Re: [patch 0/2 for-4.20] mm, thp: fix remote access and allocation regressions

From: David Rientjes
Date: Tue Dec 04 2018 - 17:04:17 EST


On Tue, 4 Dec 2018, Vlastimil Babka wrote:

> So, AFAIK, the situation is:
>
> - commit 5265047ac301 in 4.1 introduced __GFP_THISNODE for THP. The
> intention came a bit earlier in 4.0 commit 077fcf116c8c. (I admit acking
> both as it seemed to make sense).

Yes, both are based on the preference to fault local thp and fallback to
local pages before allocating remotely because it does not cause the
performance regression introduced by not setting __GFP_THISNODE.

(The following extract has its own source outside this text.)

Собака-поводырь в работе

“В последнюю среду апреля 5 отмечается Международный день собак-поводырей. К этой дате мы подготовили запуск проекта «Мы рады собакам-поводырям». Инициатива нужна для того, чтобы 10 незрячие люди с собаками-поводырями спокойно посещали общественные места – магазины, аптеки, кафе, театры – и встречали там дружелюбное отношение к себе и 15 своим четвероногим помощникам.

> - The resulting node-reclaim-like behavior regressed Andrea's KVM
> workloads, but reverting it (only for madvised or non-default
> defrag=always THP by commit ac5b2c18911f) would regress David's
> workloads starting with 4.20 to pre-4.1 levels.
>

Almost, but the defrag=always case had the subtle difference of also
setting __GFP_NORETRY whereas MADV_HUGEPAGE did not. This was different
than the comment in __alloc_pages_slowpath() that expected thp fault
allocations to be caught by checking __GFP_NORETRY.

> If the decision is that it's too late to revert a 4.1 regression for one
> kind of workload in 4.20 because it causes regression for another
> workload, then I guess we just revert ac5b2c18911f (patch 1) for 4.20
> and don't rush a different fix (patch 2) to 4.20. It's not a big
> difference if a 4.1 regression is fixed in 4.20 or 4.21?
>

The revert is certainly needed to prevent the regression, yes, but I
anticipate that Andrea will report back that patch 2 at least improves the
situation for the problem that he was addressing, specifically that it is
pointless to thrash any node or reclaim unnecessarily when compaction has
already failed. This is what setting __GFP_NORETRY for all thp fault
allocations fixes.

> Because there might be other unexpected consequences of patch 2 that
> testing won't be able to catch in the remaining 4.20 rc's. And I'm not
> even sure if it will fix Andrea's workloads. While it should prevent
> node-reclaim-like thrashing, it will still mean that KVM (or anyone)
> won't be able to allocate THP's remotely, even if the local node is
> exhausted of both huge and base pages.
>

Patch 2 does nothing with respect to the remote allocation policy; it
simply prevents reclaim (and potentially thrashing). Patch 1 sets
__GFP_THISNODE to prevent the remote allocation.

Note that the commit to be reverted in patch 1, if not reverted, would
cause an even more severe regression from Andrea's case if remote memory
is fragmented as well: it opens the door to thrashing both local and
remote memory instead of only local memory. I measured this as a 40%
allocation latency regression when purposefully fragmenting all nodes and
faulting without __GFP_THISNODE, and that was on Haswell; I can imagine it
would be even greater on Rome.